Он вытащил полную пригоршню монет из кармана, бросил их в шляпу и повернулся к проституткам.

— Ну, девочки, — сказал он, — раскошеливайтесь. Плата за развлечение. Geld! Der Junge geht rach Америка! Geben Sie![9] Давайте, давайте! Шапка по кругу для пианиста.

Пока проститутки доставали из корсетов кошельки, Яков прикончил сэндвич, облизал испачканные пальцы и с удивлением стал наблюдать за чудесами Рееперсбанда. Он понимал только половину из того, что Роско говорил по-английски, но он оценил его доброту.



Нос лайнера «Кронпринц Фридрих» неясно вырисовывался над головой Якова, когда четырьмя днями позже он вместе с Роско стоял в гамбургском доке. Постоянно дувший с северного моря ветер, казалось, вызывал в душе Якова благоговейный трепет, с которым тот смотрел на огромный корабль с четырьмя выкрашенными белой краской трубами.
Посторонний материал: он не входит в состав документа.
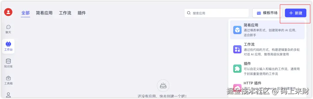 打开 工作台 点击右上角的 新建/简易应用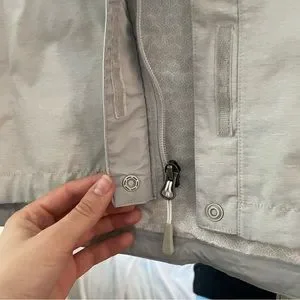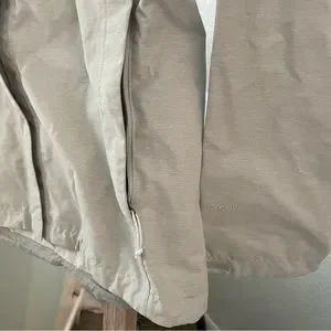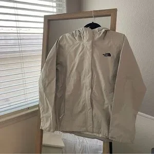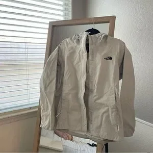 The North Face Dryvent Waterproof and Breathable Jacket in excellent condition!! It is light grey, the pictures show it more of a tan. Tiny mark on back shown in pic that should come right out. Zippers under arms for availability. Zipper, button, and velcro closure in the front. Velcro, adjustable sleeves. Deep pockets. Hood and drawstrings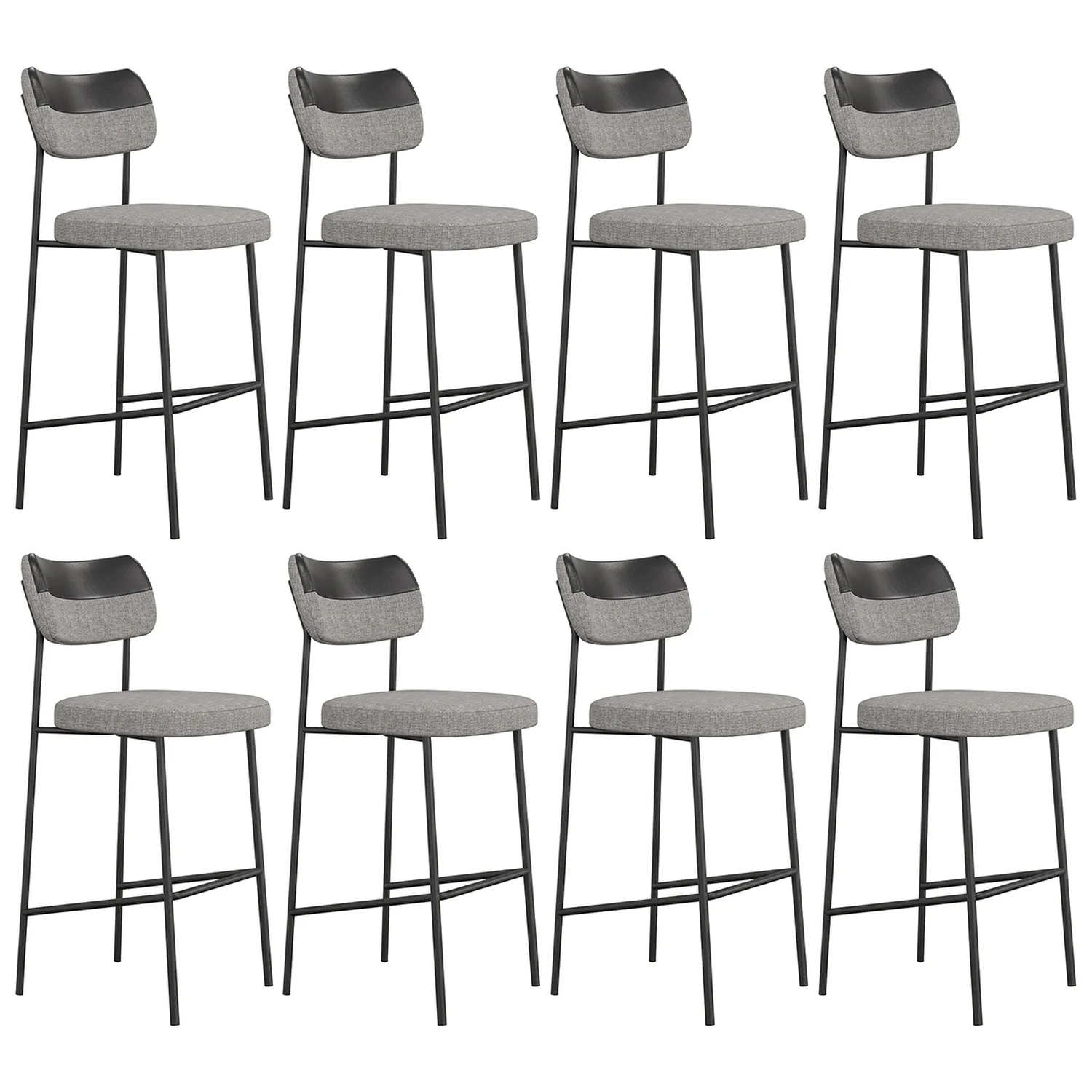 Banqueta Alta Bar Estofada Kit 8 Milli Linho Cinza/Preto A14 - Mpozenato

— Большой, — сказал он Роско.

— У тебя просто дар открывать для себя в жизни новое, — откликнулся тот.

— Ты смеешься над моим английским?

— Трудно не смеяться. Итак, Junge[10], у тебя есть билет и почти пятьдесят долларов на дорогу. Ты же богач, парень!

Он усмехнулся и продолжил:

— Привет и поздравления от проституток Гамбурга. Должен тебе сказать, что никогда не видел, чтобы эти сосиски давали деньги неизвестно кому, но им очень понравилось, как ты играл. А когда я заставил тебя сбрить бороду и поднабрать несколько фунтов, мне кажется, одной или двум ты понравился и сам.

Яков провел рукой по своим гладко выбритым щекам. У него были очень большие сомнения относительно необходимости сбривать бороду: почему-то он стал ощущать себя меньше евреем, а при всем своем всепоглощающем стремлении стать настоящим «янки» он не был уверен, что это хорошо, что это «кошерно». Но Роско настоял, сказав, ему, что все следящие за модой американцы давно сбрили на лице всю растительность. За прошедшие четыре дня Роско много рассказывал ему о Нью-Йорке, и Яков был в высшей степени благодарен этому черному за то, что тот откликнулся на его просьбу.

— Я тебе очень многим обязан, — сказал Яков с подкупающей простотой и сердечностью.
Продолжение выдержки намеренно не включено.